4. Een zorgplicht verzaken ? opzet

A-G Vellinga (4 december 2012, nr. 10/04315, ECLI:NL:PHR:2012:BY2254) concludeerde al eerder dat ‘onder omstandigheden het bewust aanvaarden van een aanmerkelijke kans kan zijn gelegen in het achterwege laten van toezicht of onderzoek dat van de verdachte in de omstandigheden van het geval mocht worden verwacht’. Deze leer lijkt strenger dan de oordelen van de Belastingkamer van de Hoge Raad (vide HR 30 september 2011, nr. 10/01297, NTFR 2011/2323 en HR 31 mei 2013, nr. 12/01060, NTFR 2013/1219) waaruit kon worden geconcludeerd dat een schending van een zorgplicht van een adviseur niet (lichtvaardig) tot voorwaardelijke opzet kon leiden. Indien een adviseur dus geen (nader) onderzoek had gedaan naar de relevante feiten en daarenboven had verzaakt de toepasselijke rechtsregels in kaart te brengen, kon op grond daarvan volgens de Belastingkamer (nog) niet worden geconstateerd dat er sprake is van voorwaardelijke opzet.

In een recent arrest van de strafkamer (HR 17 mei 2016, nr. 15/03432, ECLI:NL:HR:2016:862) was de situatie aan de orde waarin een neuroloog had gehandeld in strijd met zorgvuldigheidseisen, protocollen en richtlijnen. In de cassatiemiddelen werd aangevoerd dat degene die welbewust in strijd met de professionele standaard handelt en niet ingrijpt waar dat medisch gezien wel van hem wordt verlangd, wordt geacht het gevolg te hebben aanvaard. De essentie van het cassatiemiddel was dat aan de verdachte vanuit zijn positie als vooraanstaand neuroloog hogere eisen gesteld moeten worden ten aanzien van zijn wetenschap en bewuste aanvaarding van de aanmerkelijke kans.

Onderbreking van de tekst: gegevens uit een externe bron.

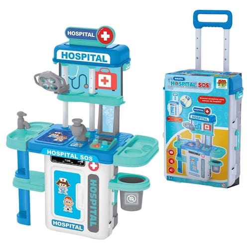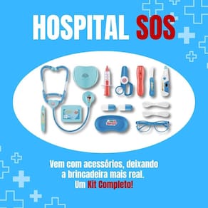 Kit Médico Infantil Completo Maleta SOS Brinquedo Educativo Com o Hospital SOS, a imaginação vira remédio e a brincadeira vira cura Transforme a brincadeira em um momento de aprendizado e imaginação com o Kit Médico Infantil Um brinquedo educativo completo que simula uma estação médica real, repleto de funcionalidades e acessórios para um atendimento cheio de diversão. A maleta se transforma em uma bancada hospitalar completa Conta com diversos recursos: torneira funcional que sai água, luz cirúrgica com ângulo ajustável, monitor cardíaco com som e luz e até giroscópio com botões giratórios. Além disso, acompanha um kit completo com estetoscópio, termômetro, seringa, remédios e outros acessórios para que os pequenos possam brincar de cuidar com realismo e criatividade. Ideal para estimular a empatia, a imaginação e o desenvolvimento cognitivo, comunicação e habilidades motoras finas. Brincadeira e aprendizado juntos

De Hoge Raad herhaalde zijn standaardarrest van 25 maart 2003, nr. 02664/01, ECLI:NL:HR:2003:AE9049 waarin hij overwoog dat van degene die weet heeft van de aanmerkelijke kans op het gevolg, maar die naar het oordeel van de rechter ervan is uitgegaan dat het gevolg niet zal intreden, wel kan worden gezegd dat hij met (grove) onachtzaamheid heeft gehandeld maar niet dat zijn opzet in voorwaardelijke vorm op dat gevolg gericht is geweest. Daarbij geeft de Hoge Raad nadrukkelijk aan dat dit toetsingskader niet anders is als de ‘verdachte heeft gehandeld in zijn hoedanigheid van neuroloog’. Voor het strafrecht is de vaststelling van opzet vaak het verschil tussen vrijspraak of een veroordeling. In de fiscale wetgeving is een vergrijpboete echter veelal ook mogelijk bij grove schuld. Uit voorstaande overweging kan worden afgeleid dat de positie van de ingeschakelde fiscale specialist met de kennis en kunde die hij heeft en het professionele kader waarin hij behoort te opereren een vergrijpboete voor grove schuld mogelijk lijkt te maken als desondanks een onjuiste aangifte werd gedaan. De geschonden zorgplicht zal echter slechts onder bijzondere omstandigheden tot voorwaardelijke opzet kunnen leiden.

Een boete wordt opgelegd om te bestraffen, om leed toe te voegen. Als die echter onterecht wordt opgelegd, is het leed niet te overzien.